BEGIN SUPPLIED MATERIAL
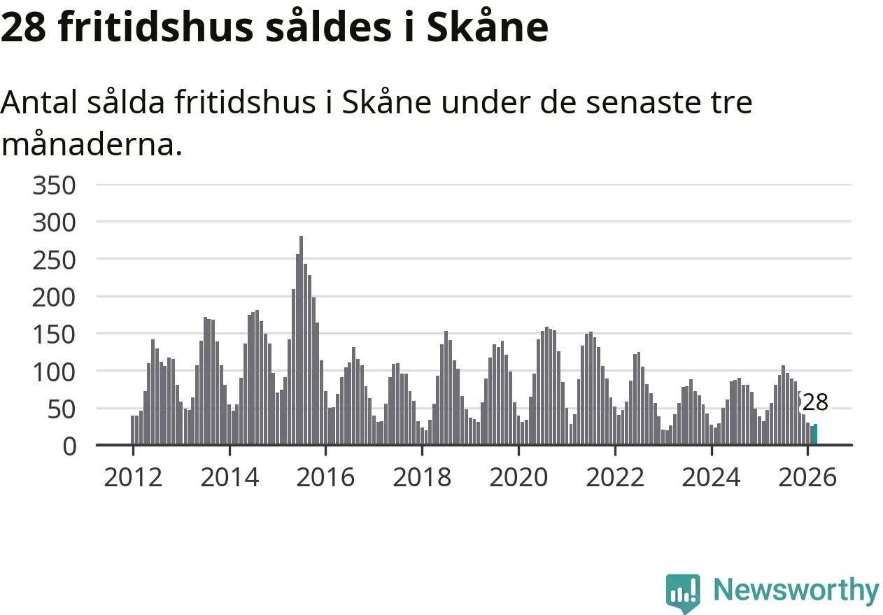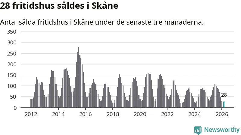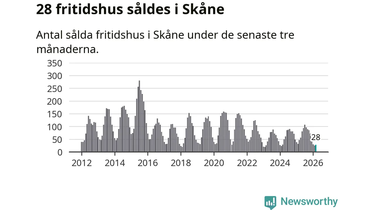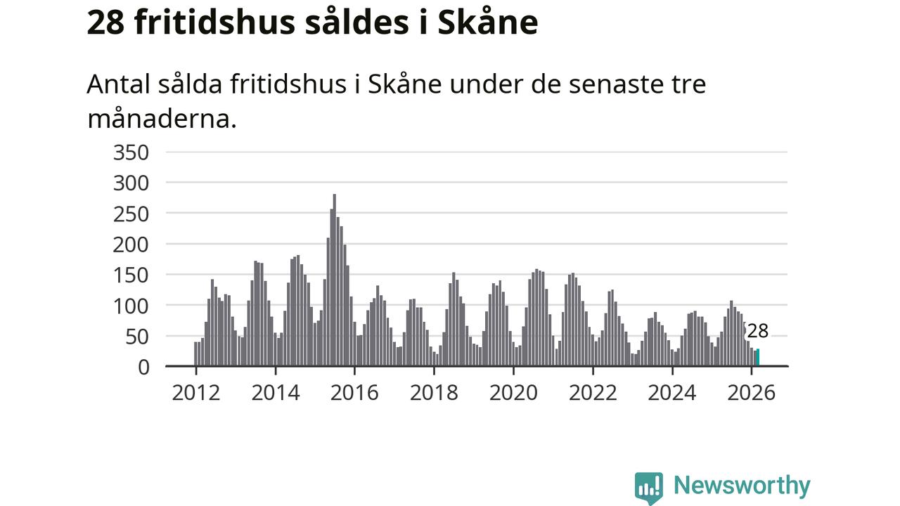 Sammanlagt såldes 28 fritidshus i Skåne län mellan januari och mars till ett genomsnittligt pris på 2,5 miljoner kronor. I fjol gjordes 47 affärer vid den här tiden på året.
END SUPPLIED MATERIAL
BEGIN SUPPLIED MATERIAL
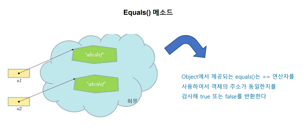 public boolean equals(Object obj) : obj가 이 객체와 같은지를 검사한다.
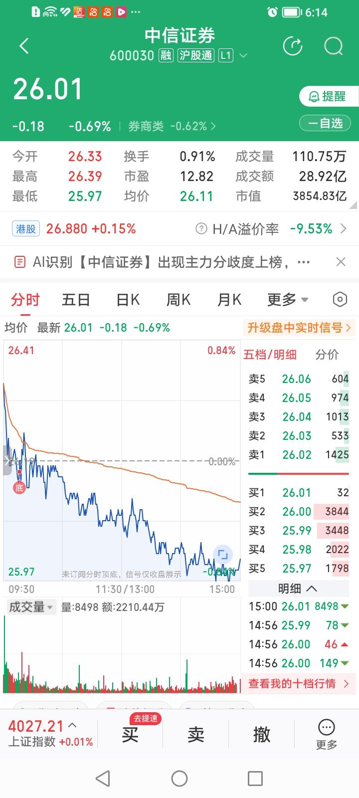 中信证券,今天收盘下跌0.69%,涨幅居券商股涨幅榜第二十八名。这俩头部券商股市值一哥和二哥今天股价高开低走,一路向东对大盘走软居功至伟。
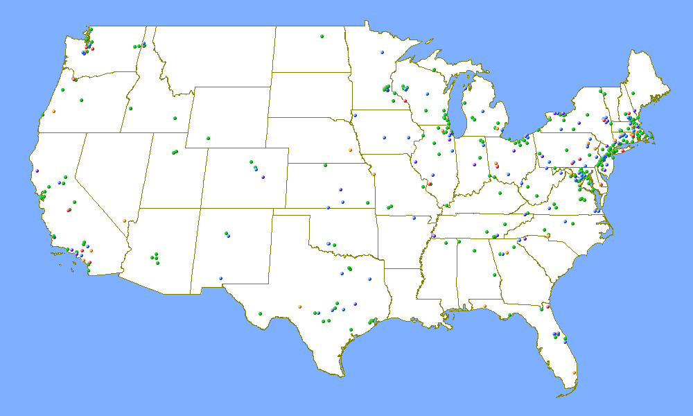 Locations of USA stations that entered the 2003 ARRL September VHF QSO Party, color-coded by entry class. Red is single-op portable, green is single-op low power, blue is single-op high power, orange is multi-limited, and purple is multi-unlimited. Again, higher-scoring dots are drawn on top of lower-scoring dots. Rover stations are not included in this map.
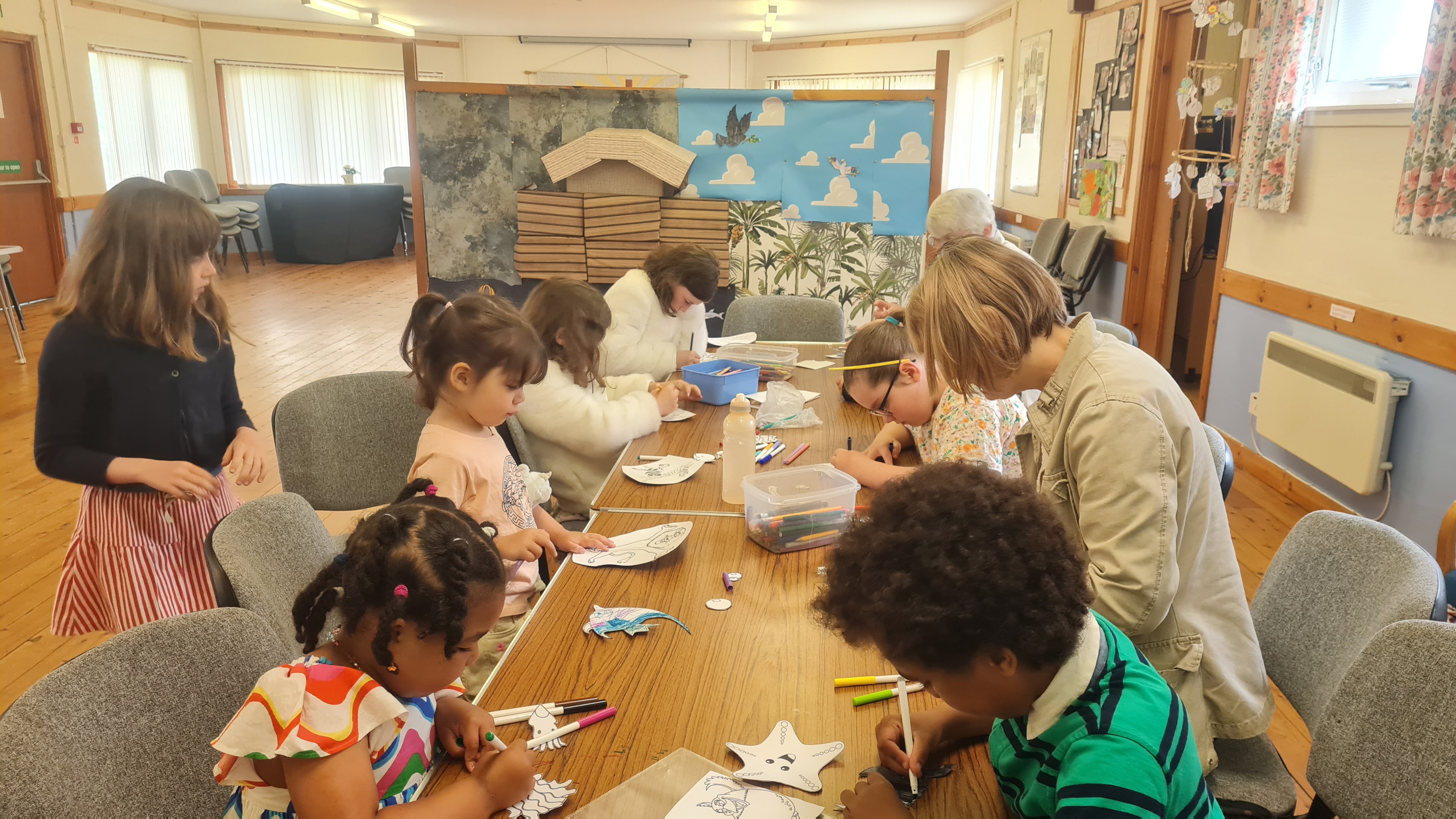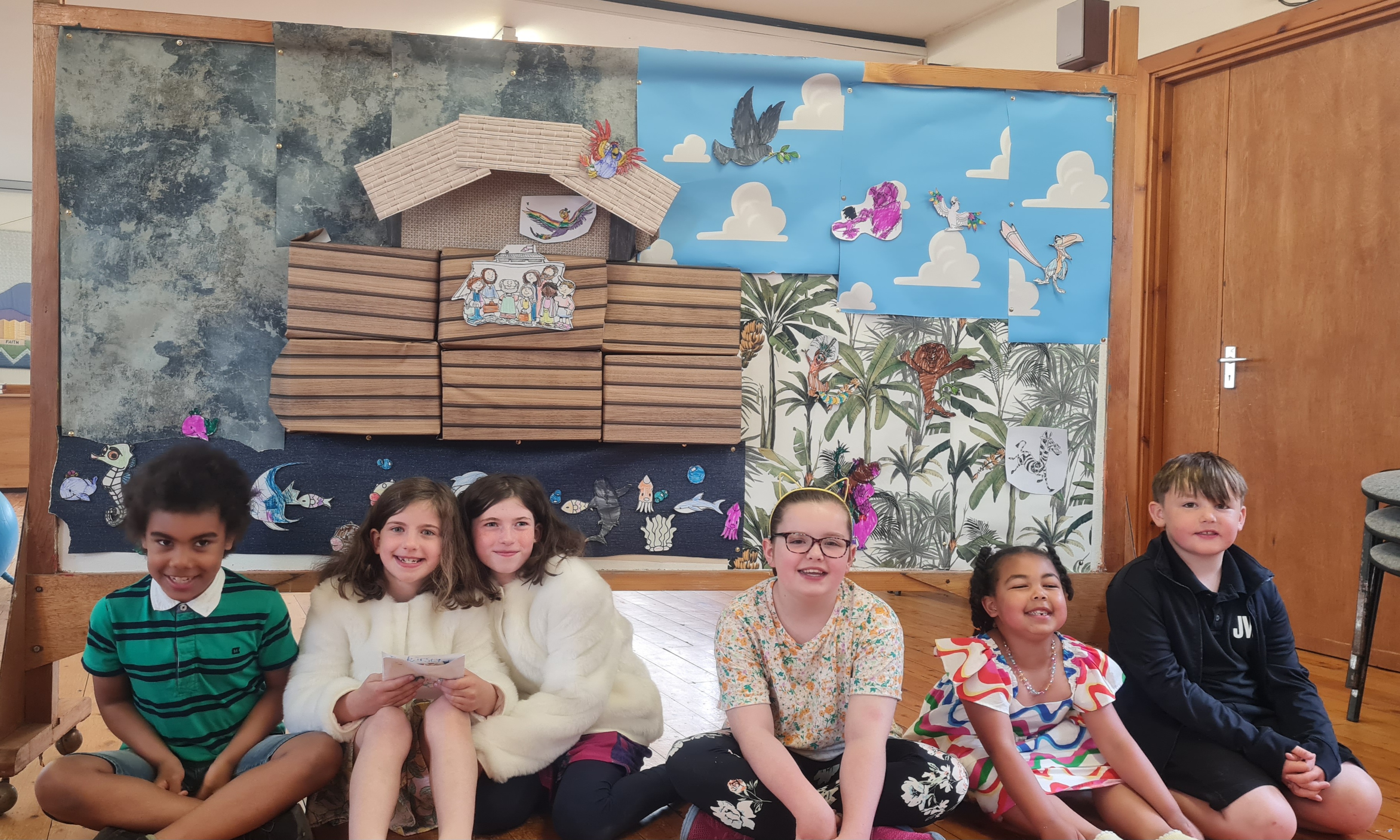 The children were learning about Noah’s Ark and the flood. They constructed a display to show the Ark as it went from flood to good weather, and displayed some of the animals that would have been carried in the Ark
END SUPPLIED MATERIAL
Set the pictures aside and transcribe exactly the stretch of lines above, beginning with the one holding "Locations of USA" and ending with the one holding "The children were".

● **ANSWER TO THE PROBLEM**
 Locations of USA stations that entered the 2003 ARRL September VHF QSO Party, color-coded by entry class. Red is single-op portable, green is single-op low power, blue is single-op high power, orange is multi-limited, and purple is multi-unlimited. Again, higher-scoring dots are drawn on top of lower-scoring dots. Rover stations are not included in this map.
 The children were learning about Noah’s Ark and the flood. They constructed a display to show the Ark as it went from flood to good weather, and displayed some of the animals that would have been carried in the Ark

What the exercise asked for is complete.